Breaking Property News 11/5/26
Daily bite-sized proptech and property news in partnership with Proptech-X.
Do You Really Own Your Building’s Data?
Commercial real estate is becoming increasingly dependent on digital infrastructure. Every smart sensor, HVAC system, access control platform, tenant app, and connected device inside a building is generating valuable operational data. The critical question many owners still fail to ask is simple:
Who actually owns that data?
For years, building technology decisions were treated as isolated IT or facilities-management issues. But the reality is far bigger. Data generated within a property is now a strategic asset that can influence operational efficiency, tenant experience, asset valuation, and future revenue generation.
Too often, property owners unknowingly allow third-party vendors to control access to information produced inside assets they own and fund. Data ends up locked inside proprietary systems, inaccessible without additional licensing fees, subscription agreements, or vendor permission. In some cases, owners lose visibility entirely when switching providers.

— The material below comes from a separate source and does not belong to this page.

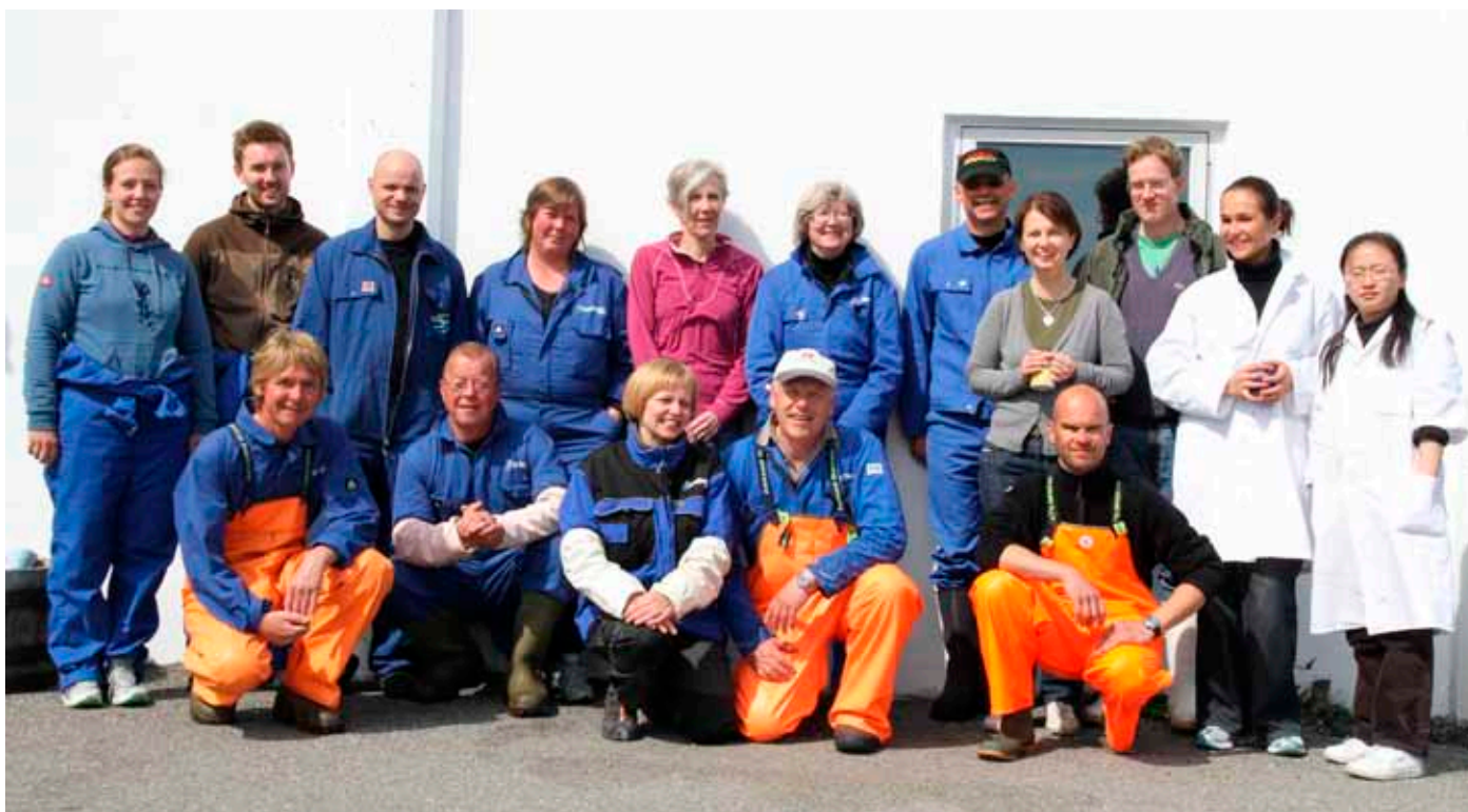
Mannskapet ved forsøkets avslutning i mai 2010.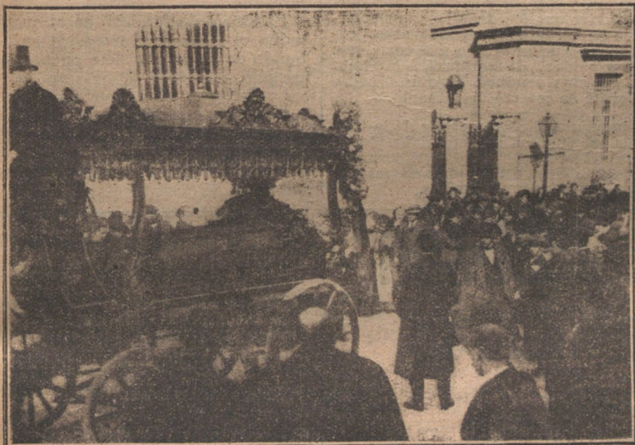
El entierro del ilustre periodista Flores García, al salir del Depósito Judicial.

This creates a major strategic weakness.
As commercial real estate becomes increasingly digitised, ownership and governance of building data are becoming just as important as ownership of the physical asset itself. Buildings are no longer just bricks, concrete, and steel — they are digital environments continuously producing operational intelligence.
When owners retain control of their digital infrastructure and underlying data, they gain the ability to:
- Improve operational efficiency
- Reduce vendor lock-in
- Build portfolio-wide intelligence
- Support AI and predictive analytics
- Create additional revenue opportunities
- Enhance tenant trust and transparency
Without that control, much of the long-term value created by building systems can flow elsewhere.
A growing number of industry leaders now argue that commercial buildings should be viewed as data-producing assets as much as physical real estate. This shift is accelerating with the rise of smart buildings, AI-driven operations, IoT devices, edge computing, and integrated digital infrastructure strategies.
The issue is not simply about compliance or cybersecurity. It is about strategic control.
Questions every CRE owner should now be asking include:
- Where is building data stored?
- Who has access to it?
- Can it be exported freely?
- What rights do vendors retain?
- How interoperable are current systems?
- Can the data support future AI initiatives?
- What happens if providers change?
Many owners discover too late that the systems they paid to install primarily benefit the software vendor rather than the building itself.
The next phase of commercial real estate will likely reward owners who understand digital infrastructure as a core layer of asset value. Connectivity, structured data, interoperability, and governance are becoming foundational components of modern portfolio strategy.
Forward-thinking owners are already beginning to treat data ownership as an investment priority rather than a technical afterthought.
Because in the future of commercial real estate, the buildings generating the most value may not simply be the tallest or newest — but the ones with the strongest control over their digital ecosystem.